### DATASET EXTRACT
........

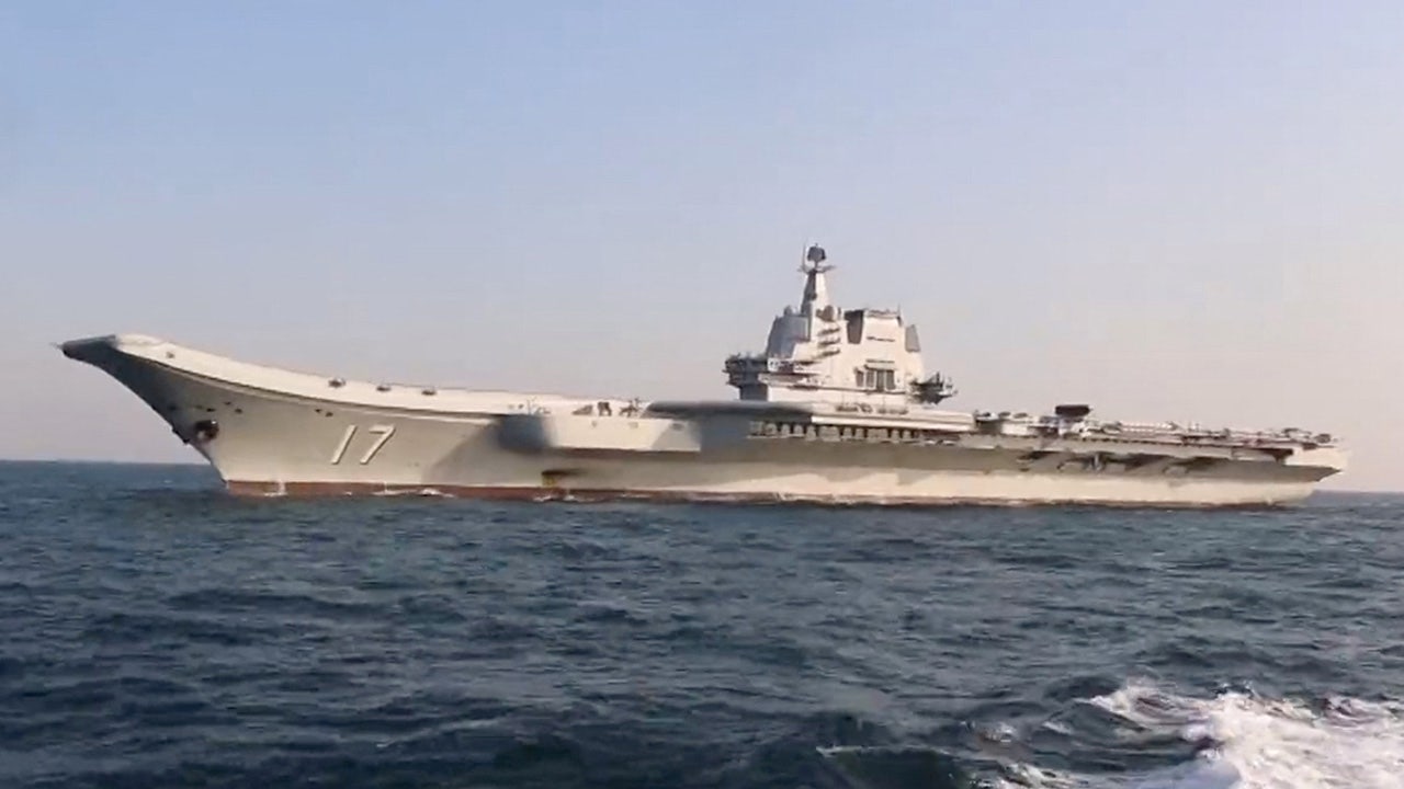 This image released by the Taiwan Ministry of National Defense shows China’s Shandong aircraft carrier sailing near Taiwan on Monday, March 31. (Taiwan Ministry of National Defense via AP)
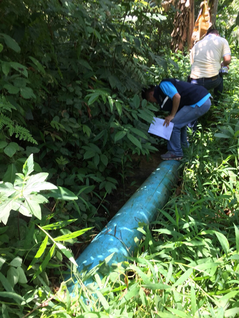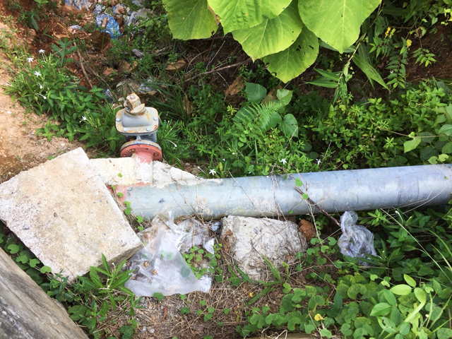2.แนวท่อส่งน้ำ ตามแบบกำหนดให้เป็นท่อเหล็กอาบสังกะสี แต่ของจริงเป็นท่อเหล็กแค่บางส่วน ที่เหลือใช้ท่อพีวีซีสีฟ้า
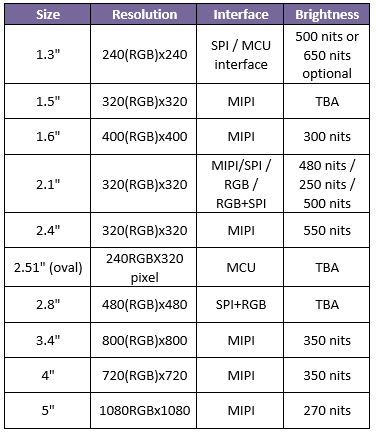 The range starts at 1.28 inch (active area = 32.40 x 32.40 mm), going up to an amazing 5″ but including 2.1″ and 3.4″ also. With various resolutions including 240 x 240, 260 x 360, 1080 x 1080, and an amazing 1920 x 1920 the options are extremely wide! If brightness is critical the range has a wide selection of backlight luminance including 600cd up to 1600cd for outdoor / high ambient conditions
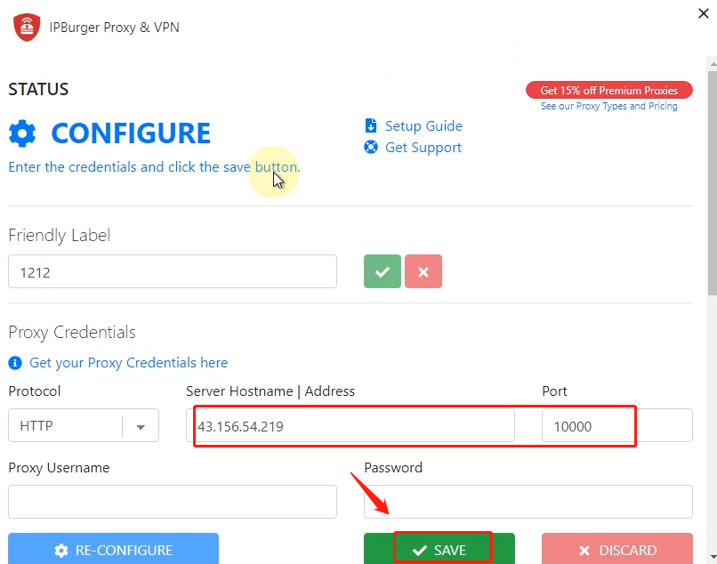 Before integrating a proxy into IPBurger Proxy & VPN , make sure you have set up the proxy correctly to guarantee that the proxy service will work properly. Click here to see how to set up the proxy.

........

### INSTRUCTIONS FOR THE TASK
Once the pictures are set aside, output all of the data above verbatim.

### EXERCISE OUTPUT
 This image released by the Taiwan Ministry of National Defense shows China’s Shandong aircraft carrier sailing near Taiwan on Monday, March 31. (Taiwan Ministry of National Defense via AP)
2.แนวท่อส่งน้ำ ตามแบบกำหนดให้เป็นท่อเหล็กอาบสังกะสี แต่ของจริงเป็นท่อเหล็กแค่บางส่วน ที่เหลือใช้ท่อพีวีซีสีฟ้า
 The range starts at 1.28 inch (active area = 32.40 x 32.40 mm), going up to an amazing 5″ but including 2.1″ and 3.4″ also. With various resolutions including 240 x 240, 260 x 360, 1080 x 1080, and an amazing 1920 x 1920 the options are extremely wide! If brightness is critical the range has a wide selection of backlight luminance including 600cd up to 1600cd for outdoor / high ambient conditions
 Before integrating a proxy into IPBurger Proxy & VPN , make sure you have set up the proxy correctly to guarantee that the proxy service will work properly. Click here to see how to set up the proxy.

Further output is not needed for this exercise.